_INFORMATION PROVIDED_.
[Start of Attachment]

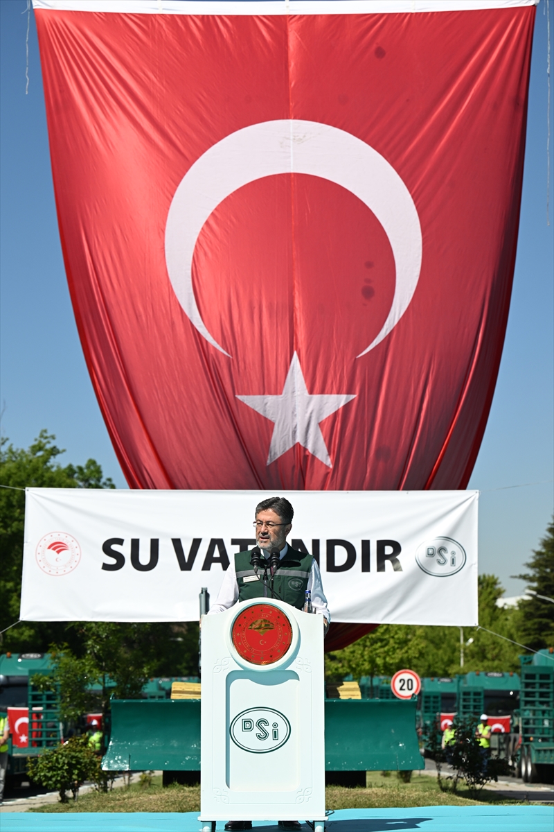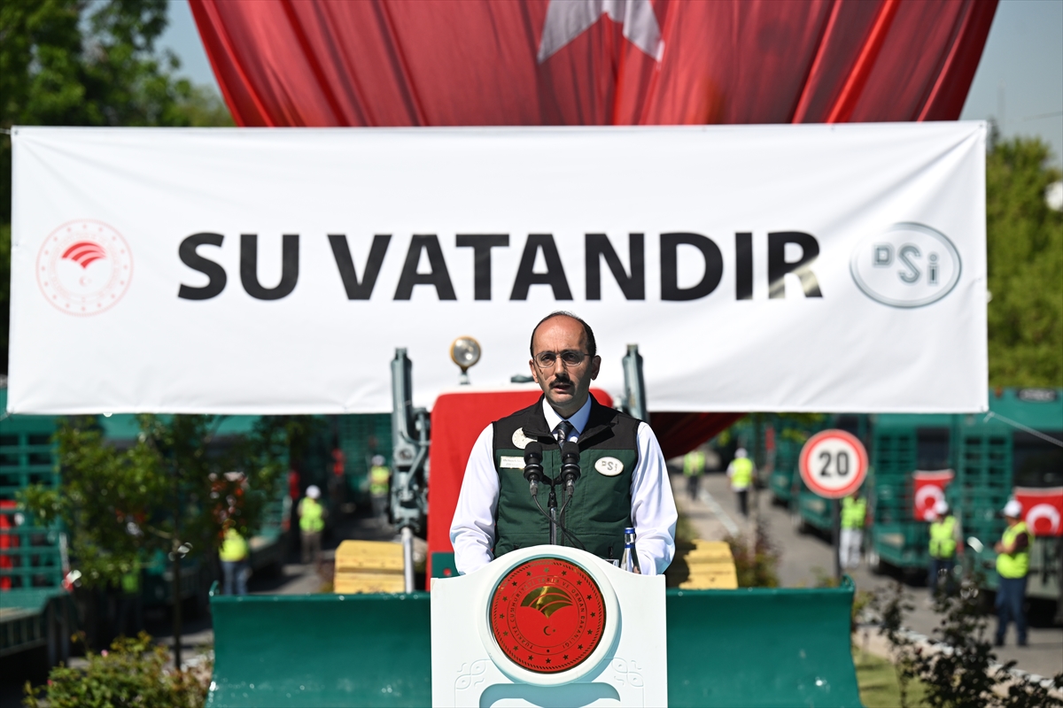 "570 iş makinesini DSİ makine parkına kazandırdık. Kalan 130 dozeri de bu yıl içinde teslim alacağız. 2024 ve 2025 yıllarında, 100 treylerin alımını planlamıştık. Yaklaşık 1,7 milyar lira bedelle gerçekleştirilen bu alım çerçevesinde 75 aracımız geçen yıl bölgelere gönderilmişti. Bugün de 25 treyler çekicisinin teslimatını yapıyoruz. Bugün, DSİ makine parkına ilk kez kazandırılacak iki yüzer paletli amfibik ekskavatörü de teslim alıyoruz. Bu da özellikle taşkın hadiselerinde çok önemli görevler görecek. Bu tür makineleri parkımıza katmaya devam edeceğiz. Araçlar DSİ'nin kabiliyetini sahada daha çok artıracak. Bu özel iş makineleri, su yollarının ve nehir deltalarının derinleştirilmesi, nehir, göl, baraj, sahil şeridi bakımı ve temizliklerini yerine getirmekte kullanılacak."
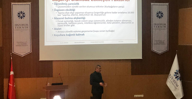 Çok sayıda öğrenci ve öğretim üyesinin katıldığı konferansta, Prof. Dr. Mustafa SÖZBİLİR, “Motivasyon nedir? Başarı ve motivasyon arasında nasıl bir ilişki vardır? Başarıyı olumsuz etkileyen faktörler nelerdir?” gibi konuları ele alarak katılımcıları bu konular hakkında bilgilendirdi. Aynı zamanda özgüven eksikliği, öğrenilmiş çaresizlik, mazeret bulma alışkanlığı vb. gibi konularda da bilgilerini öğrenci ve akademisyenlerle paylaşarak eğitimde ve yaşamın diğer alanlarında motivasyonun oldukça önemli olduğuna değindi.
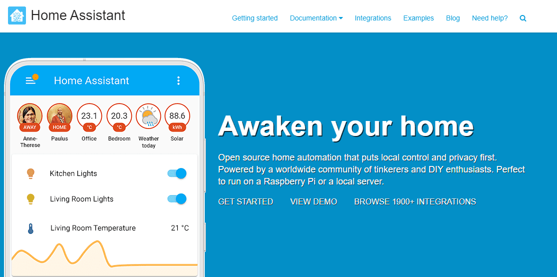Home Assistant is an open-source tool to provide home automation. It has a huge community following and is a service that many run on a Raspberry Pi device configuration or docker container setup.
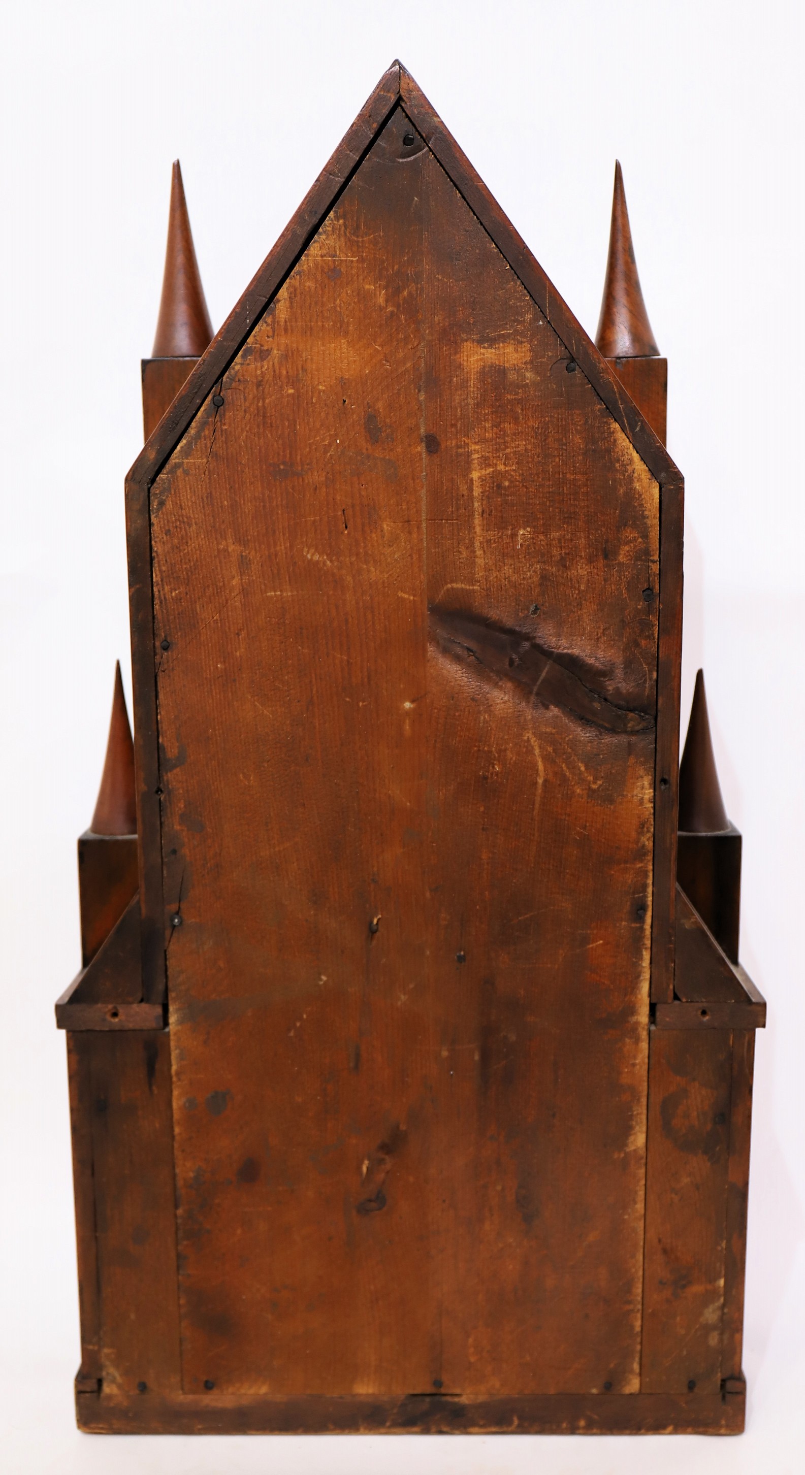 finish with a couple of veneer repairs; the three glasses are period/original with the original tablets. The cone finials look

[End of Attachment]

_WHAT THE EXERCISE ASKS_. Find the line that contains "Home Assistant is" and repeat it, along with every line after it to the end of the data, exactly; drop the pictures.

_RESPONSE_.
Home Assistant is an open-source tool to provide home automation. It has a huge community following and is a service that many run on a Raspberry Pi device configuration or docker container setup.
 finish with a couple of veneer repairs; the three glasses are period/original with the original tablets. The cone finials look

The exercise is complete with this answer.